By | November 12, 2015

Kentucky’s mine-safety laws and regulations didn’t apply to a subcontract worker who died while installing a massive garage door on a building at a mine site in Muhlenberg County, the state’s Supreme Court ruled Oct. 29.

David McCarty died when the door struck his stepladder, causing him to fall and strike his head. His widow filed a federal wrongful-death lawsuit against Covol Fuels, the coal mine operator. She claimed the operator negligently violated the safety laws and regulations.

A federal judge ruled in the coal operator’s favor, prompting an appeal to the 6th U.S. Circuit Court of Appeals. The appeals court asked Kentucky’s high court to rule on whether those safety laws and regulations were intended to protect employees of independent contractors working at mine sites.

Writing for the unanimous state court, Justice Daniel Venters noted that the safety law covers buildings and equipment connected to mine work.

The building where McCarty suffered his fatal fall was under construction and not being used “in connection with the workings” of the mine, Venters said.
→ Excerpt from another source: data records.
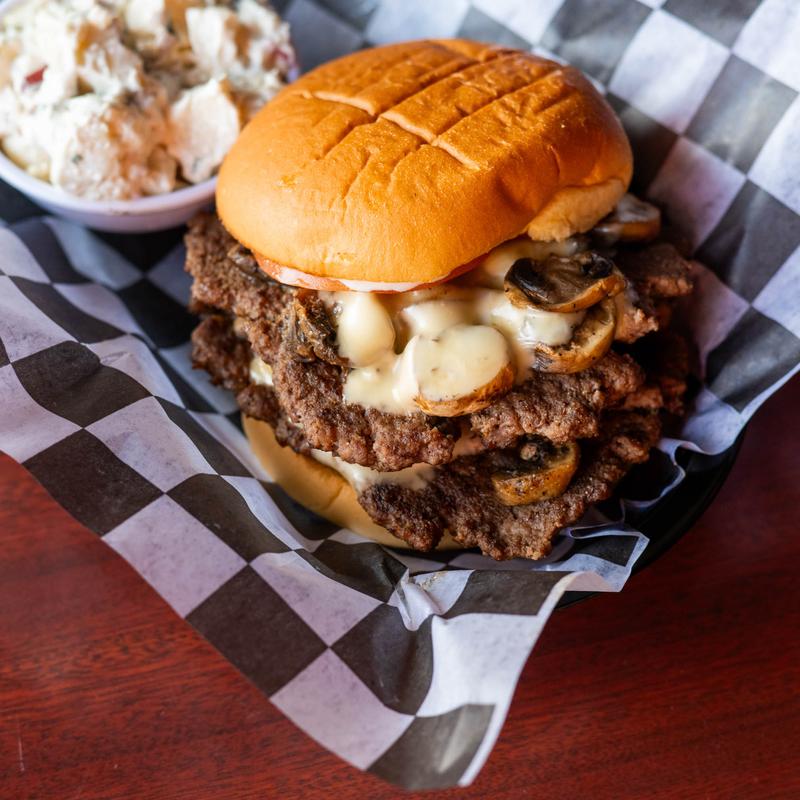 Sauteed mushrooms and melted Swiss cheese. Piled onto a toasted bun with fresh tomato and garlic aioli spread.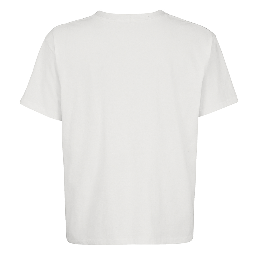 Футболка оверсайз унисекс с круглым вырезом, без боковых швов, высокой плотности. Выполнена из смеси переработанного хлопка (50%) и обычного хлопка (50%).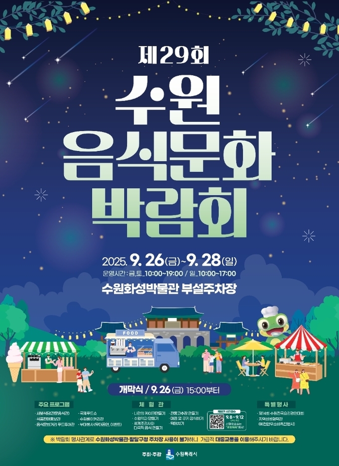 [정도일보 고정희 기자] 제29회 수원음식문화박람회가 9월 26~28일 수원화성박물관 부설주차장에서 열린다.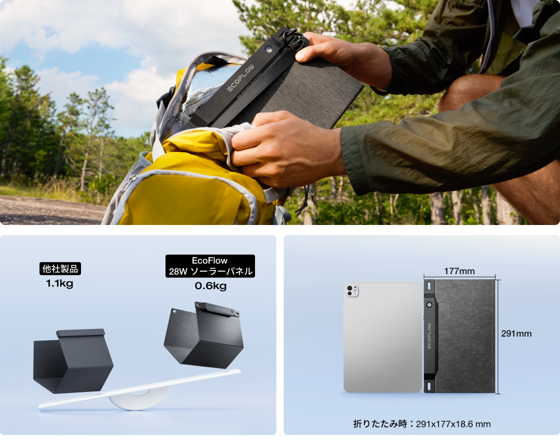 超コンパクトな上に折りたたみもできて、どんな場所でも太陽光のパワーを持ち運び。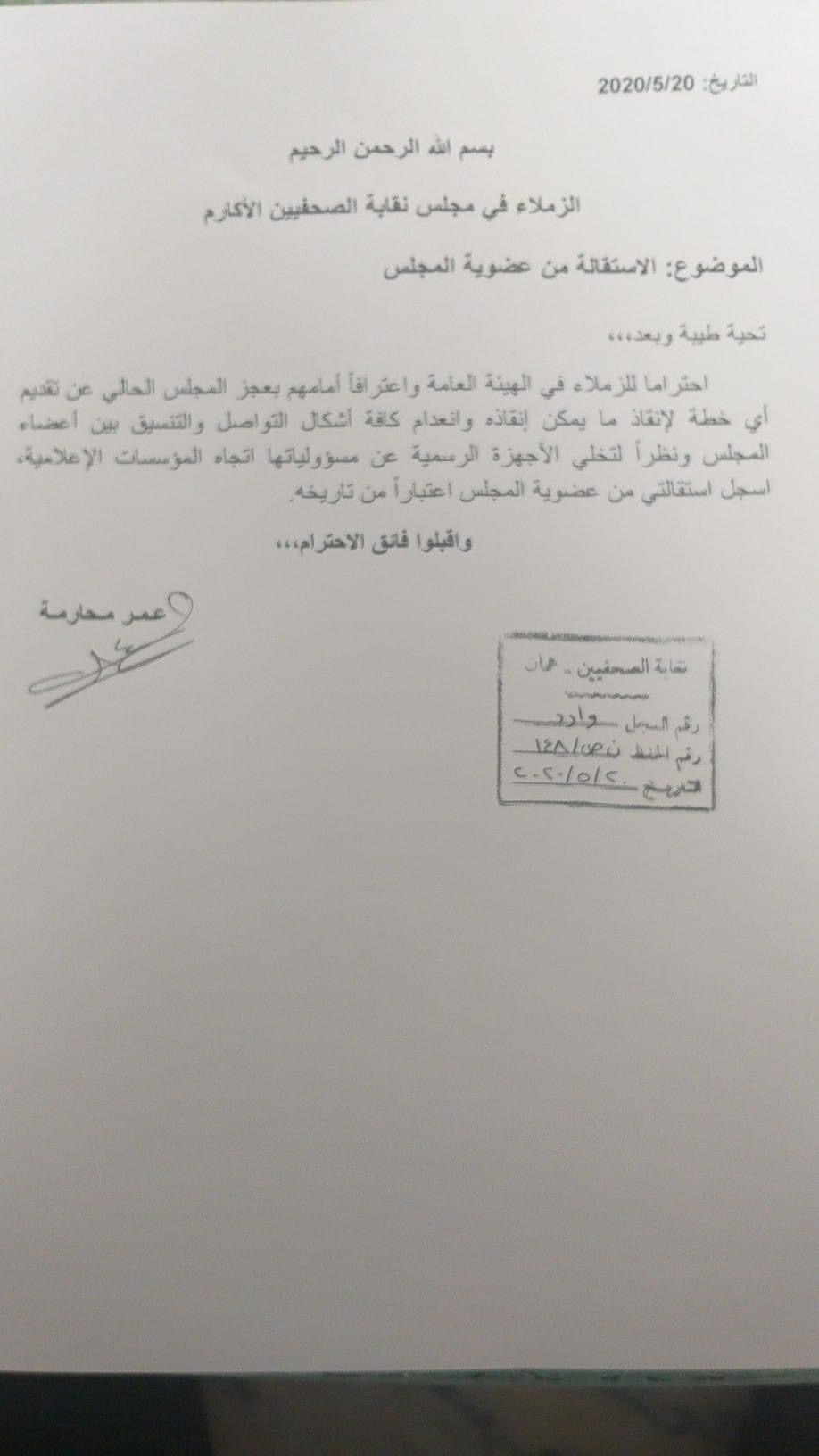 المحارمة يقدم استقالته من عضوية مجلس نقابة الصحفيين

Similarly, equipment used to install the 1,800-pound garage door did not meet the statutory definition, he said.

As a result, the work was outside the scope of the safety law, he said.

“We are unable to identify any provisions within that chapter that impose upon coal mine operators a special duty of care owed to independent contractors and craftsmen who enter upon the premises to perform work unrelated to coal mining,” Venters wrote.

“Of course, the traditional common law duty of a landholder to make the property reasonably safe and to warn of unknown or latent dangers remains applicable, but that duty is outside the scope of the question we address.”

The state’s high court rejected arguments by McCarty’s estate that periodic inspections required by the safety law should apply equally to mining workers and specialized independent contractors working at mine sites.

Venters said it’s clear that the General Assembly’s intent when enacting the safety law was to protect workers involved in actual coal mining operations and “other ancillary workers exposed to dangers of the mining environment.”

“Nothing in the statutory text tasks the mine operator with tending to the safety of non-mining craftsmen and technicians and protecting them from the hazards of their own non-mining occupations,” he wrote.

Given the statute’s emphasis on the dangers of mining, it’s “highly improbable” that the legislature intended “to burden coal mine inspectors and supervisors with the duty to become versed in the safety requirements of such extraneous activities” as installing garage doors, Venters added.

“Expecting the mine operator to provide safety inspections for the unfamiliar work of specialized independent contractors would divert resources away from the safety of workers actually engaged in mining coal, thereby increasing the very risks that the statute is designed to reduce,” he said.

As a result, McCarty was not “within the class of persons intended to be protected” by the safety law, and the circumstances of his death were not the “type of occurrence” that the statute was intended to prevent, Venters said.